Principal Investigator
Head of Retinal Phenotyping Facility
Other positions:
Professor of Medical Genetics, Department of Advanced Biomedicine, University of Naples "Federico II", Italy
Alberto Auricchio, MD is Professor of Medical Genetics at the Department of Advanced Biomedicine, University in Naples “Federico II”, and Scientific Director of Telethon Institute of Genetics and Medicine (TIGEM) in Pozzuoli (NA), Italy. His research is focused on gene therapy of retinal and metabolic diseases using adeno-associated viral vectors. His group has contributed to the phase I/II clinical trial of Luxturna, the first approved gene therapy drug for an ocular disease, and to the development of gene therapy for mucopolysaccharidosis VI in an ongoing phase I/II trial.

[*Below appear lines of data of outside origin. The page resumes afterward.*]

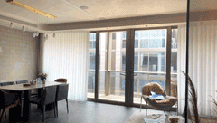 ▲父母房采用混油黑色格栅板,黑色+奶灰的搭配,白色部分关上是背景墙,打开是储物柜,既不影响美观,空间也最大化利用。
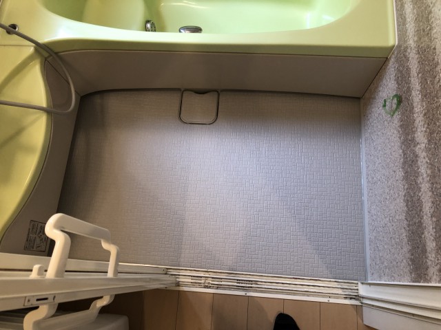 浴室のお掃除屋さんもお手上げで結局、浴室用床シートを既設床の上に貼る事にしました。浴室専用シートなので安心して使用、お手入れして頂けます。
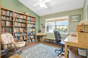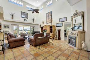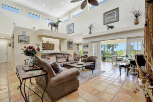 Old trail at ranch colony is the ideal golf home -.9 acre set in a conservation area - commanding views of the fifth hole of the brand-new gil hanse designed course on the jonathan's landing old trail golf course. stunning home with 18-foot ceiling has four bedrooms, two and one-half baths, office, large laundry room, and updated kitchen. dining room and large florida room overlook a landscaped, fenced yard with 40' pool set in brick paver pool deck. hibiscus, and bougainvillea provide a colorful backdrop.house measures 2,288 sf under air and 3,308 sf total. home updated in 2019 with new lighting system, new trane hvac, and new microwave. master is large, with access to florida room, and features a new bath in 2015 with walk-in shower and over-sized closet. 24/7 manned gate community18421 SE OLD TRL, JUPITER INLET COLONY, FL 33478
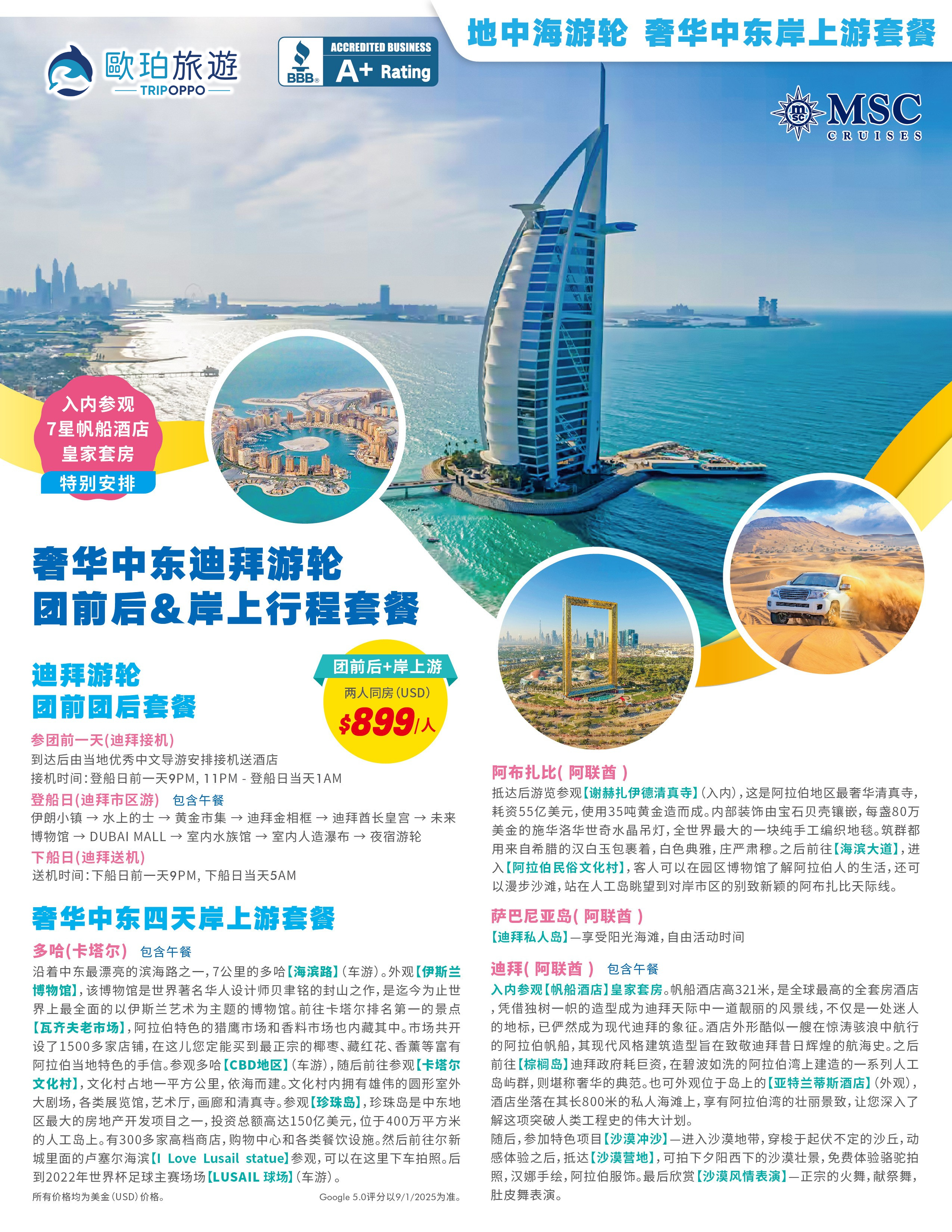 $899/人,两人成团,当地中文导游带团,保证出发!
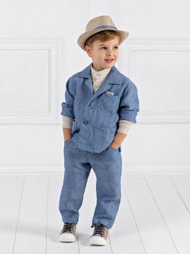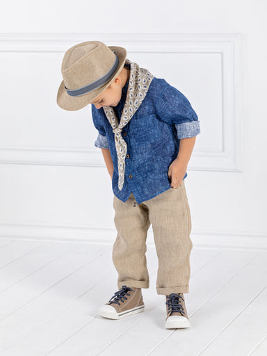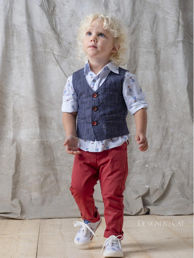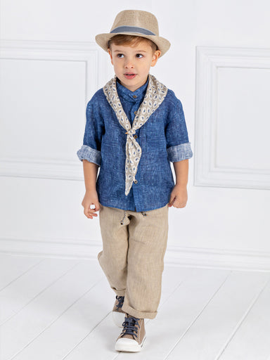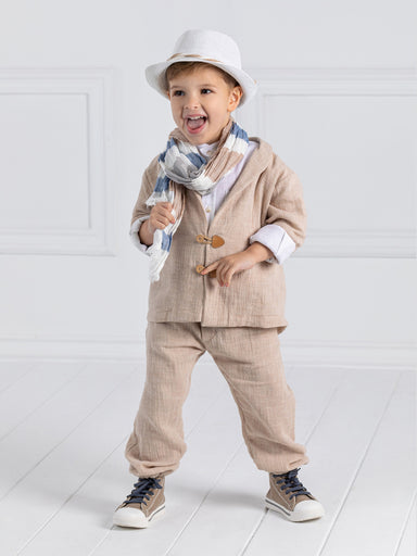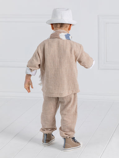 ΕΝΔΥΣΗΓΙΑ ΑΓΟΡΙ - ΒΑΠΤΙΣΗ Designer’s Cat- Μοντέρνο βαπτιστικό σύνολο για αγόρι σετ 5 τεμαχίων, που αποτελείται από λινό παντελόνι και πουκάμισο σε ...

Prof. Auricchio is co-author of more than 150 peer-reviewed publications in international scientific journals and inventor of several international patents on the use of viral vectors for gene therapy. Prof. Auricchio is founder, shareholder and consultant of InnovaVector, a CMO for production of AAV vectors, and AAVantgarde Bio, a spin-off interested in developing novel gene therapies for blindness. He is a member on the editorial boards of various journals and of the Executive Board of the European Society of Cell and Gene Therapy.
Prof. Auricchio has received the Outstanding New Investigator Award of the American Society of Gene Therapy and the International Prize for Scientific Research “Arrigo Recordati”. Prof. Auricchio is a multi-grantee of the European Research Council.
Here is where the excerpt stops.